Research-driven resolution of OQ-01, OQ-02, OQ-05, OQ-06:
- OQ-01: Remove ONNX Runtime from scope entirely — doesn't support
activation extraction natively (optimum #972 closed as not planned),
bloated model exports; burn/cublas via safetensors is a better future path
- OQ-02: Codebook compresses ~65% (1,245 → 500-600 lines); add Package
Structure and Extraction from PoC sections to codebook.md based on PoC
analysis of metaspline firewall_codebook.py
- OQ-05: Standalone API + thin adapter pattern (ADR-011); Phase 1 ships
Firewall.screen() only, Phase 2 adds <100-line adapter packages for
LlamaFirewall, OpenAI Agents SDK, NeMo Guardrails
- OQ-06: TOML for file-based config — standard modern Python, two-way door
Also: research OQ-03 rolling windows from taskgraph-semantic reference code,
remove onnxruntime/optimum from dependencies, move streaming screening to
Phase 2, add burn/cublas as Phase 3 alternative backend.
Phase 0→1 (Exploration → Architecture) — The project has a working PoC
demonstrating that behavioral signals from small language models can detect
adversarial inputs.
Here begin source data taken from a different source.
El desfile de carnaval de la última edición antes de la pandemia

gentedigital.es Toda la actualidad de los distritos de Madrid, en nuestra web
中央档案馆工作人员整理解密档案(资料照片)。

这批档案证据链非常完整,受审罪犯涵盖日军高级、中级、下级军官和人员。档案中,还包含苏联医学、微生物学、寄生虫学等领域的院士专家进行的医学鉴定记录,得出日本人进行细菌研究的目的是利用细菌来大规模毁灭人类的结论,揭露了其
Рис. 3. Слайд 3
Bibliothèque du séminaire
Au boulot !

The core detection logic (~1,745 lines) works reasonably
well but lacks tests, has excessive codebook size, and needs extraction from
the research codebase into a properly structured Python package.
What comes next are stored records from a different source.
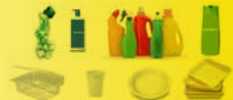
Imballaggi e contenitori in plastica RICICLABILE

TUTTI GLI IMBALLAGGI E I CONTENITORI IN PLASTICA, BOTTIGLIE (ES. ACQUA, BIBITE, LATTE, SUCCHI), CONFEZIONI E BUSTE PER ALIMENTI (ES. PASTA, SALATINI,...), BUSTE E SACCHETTI PER LA SPESA, FLACONI E DISPENSER (ES. DETERSIVI, DETERGENTI E SHAMPOO,...), POLISTIROLO DA IMBALLAGGIO, TUBETTI DI DENTIFRICIO, PELLICOLE E FILM IN CELLOPHANE, GRUCCE APPENDIABILI, RETI FRUTTA E VERDURA. PIATTI E BICCHIERI DI PLASTICA, VASCHE E ALTRI CONTENITORI IN PLASTICA PER ALIMENTI, ANCHE SE SPORCHI VANNO NELLA PLASTICA. NON OCCORRE LAVARLI, L'IMPORTANTE È CHE NON CI SIANO RESIDUI CONSISTENTI DI CIBO.
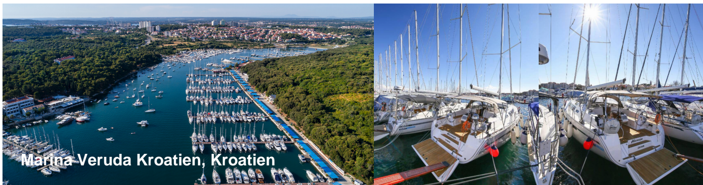
Marina Veruda Kroatien, Kroatien
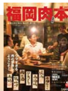
2017年 第4弾 肉本表紙
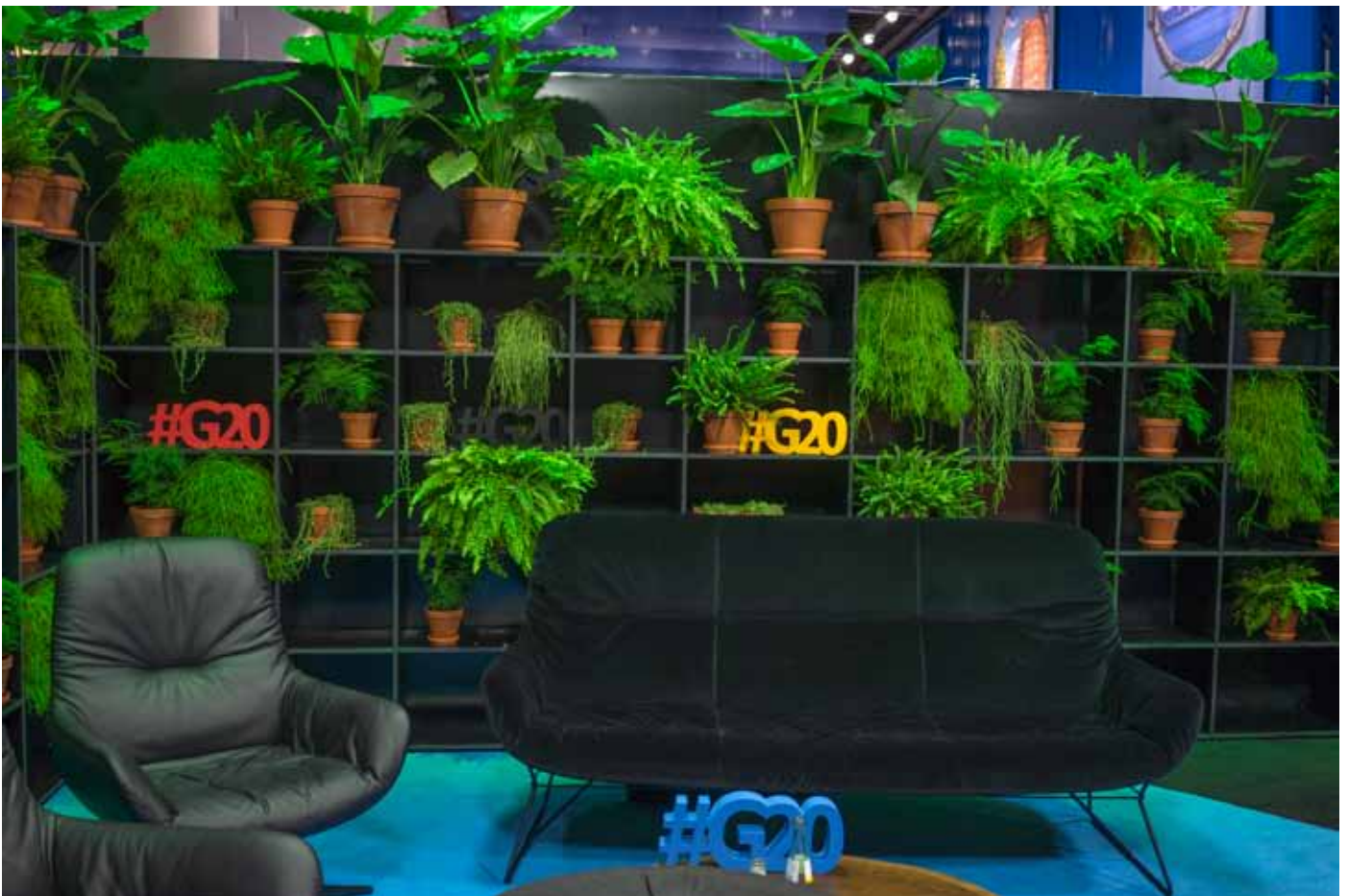
G20 GIPFEL – HAMBURG – MESSEGELÄNDE – (FR, 07.07.2017) Plastikpflanzenlounge im offiziellen Medienzentrum des G20.

This project extracts and productionizes the behavioral signal detection
approach from the metaspline research project. A ~125M parameter model
(SmolLM2-135M) processes untrusted inputs and produces hidden state
activations. SVD-based dimensionality reduction on these activations reveals
behavioral patterns — normal inputs cluster in expected regions while
adversarial inputs produce anomalous activation signatures. The system
raises "behavioral alarms" without needing to know specific attack types.